Department of Chemical Engineering, University of Washington, Seattle, WA, 98195, USA.
Adv Mater. 2017 Aug;29(31). doi: 10.1002/adma.201700617. Epub 2017 Jun 16.
Medical devices face nonspecific biofouling from proteins, cells, and microorganisms, which significantly contributes to complications and device failure. Imparting these devices with nonfouling capabilities remains a major challenge, particularly for those made from elastomeric polymers. Current strategies, including surface coating and copolymerization/physical blending, necessitate compromise among nonfouling properties, durability, and mechanical strength. Here, a new strategy is reported to achieve both high bulk mechanical strength and excellent surface nonfouling properties, which are typically contradictory, in one material. This is realized through a nonfouling polymeric elastomer based on zwitterionic polycarboxybetaine derivatives. By hiding both charged moieties of the zwitterionic compounds with hydrocarbon ester and tertiary amine groups, the bulk polymer itself is elastomeric and hydrophobic while its superhydrophilic surface properties are restored upon hydrolysis. This coating-free nonfouling elastomer is a highly promising biomaterial for biomedical and engineering applications.

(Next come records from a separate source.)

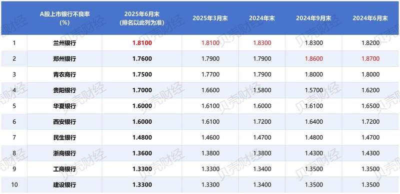 但与财务表现相比,其资产质量指标更引人关注。截至2025年6月末,兰州银行不良贷款率(即不良率)定格在1.81%,较年初收窄0.02个百分点,不良贷款处置取得阶段性进展;但1.81%还是让兰州银行在A股上市银行中成为不良率最高的那家银行,并且这种情况已经持续了三季。
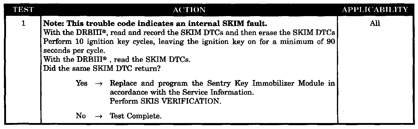 - SKIM Internal DTC Failure
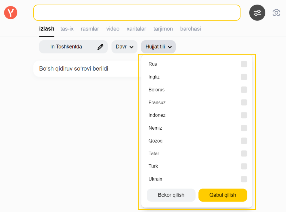 bosing. - Hujjat tili tugmasini bosing. Bir vaqtda bir nechta tilni tanlashingiz mumkin. Qidiruv natijalarida tanlangan tillardagi hujjatlar qoladi.
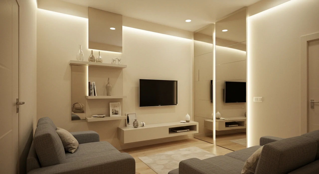 Espelhos estrategicamente posicionados são seus melhores amigos! Eles refletem a luz e criam a ilusão de um ambiente maior. Coloque um espelho grande na parede maior da sala, ou vários espelhos menores em diferentes pontos, para criar um efeito ainda mais interessante.
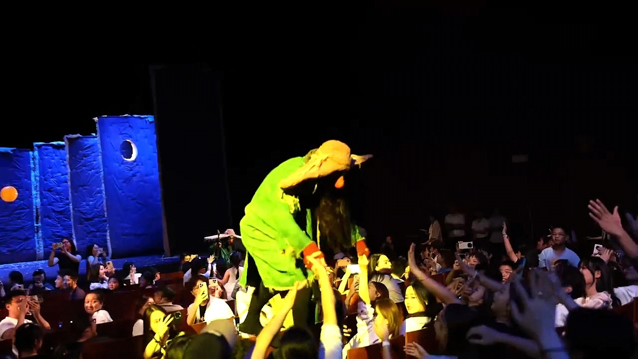 剧中扫数上演说念具皆是从法国空运而来,6千万片定制“雪花”、1800平淡米不错散失扫数这个词戏院的巨型蜘蛛网、直径2米的五彩互动气球……不雅众不仅能在戏院内切身感受到“摇风雪”扑面而来的刺激,还能与怯夫互动游戏,“秒回”童年。

医疗器械会受到蛋白质、细胞和微生物等非特异性生物污垢的影响,这会显著导致并发症和器械故障。赋予这些器械抗生物污垢的能力仍然是一个主要挑战,特别是对于那些由弹性体聚合物制成的器械。目前的策略,包括表面涂层和共聚/物理共混,需要在抗生物污垢性能、耐久性和机械强度之间做出妥协。在这里,报道了一种新的策略,可以在一种材料中同时实现高的体力学强度和优异的表面抗生物污垢性能,这通常是相互矛盾的。这是通过基于两性离子聚羧基甜菜碱衍生物的抗生物污垢聚合物弹性体来实现的。通过用烃酯和叔胺基团隐藏两性离子化合物的带电部分,大块聚合物本身具有弹性体和疏水性,而其超亲水表面性质在水解后得以恢复。这种无涂层的抗生物污垢弹性体是一种很有前途的用于生物医学和工程应用的生物材料。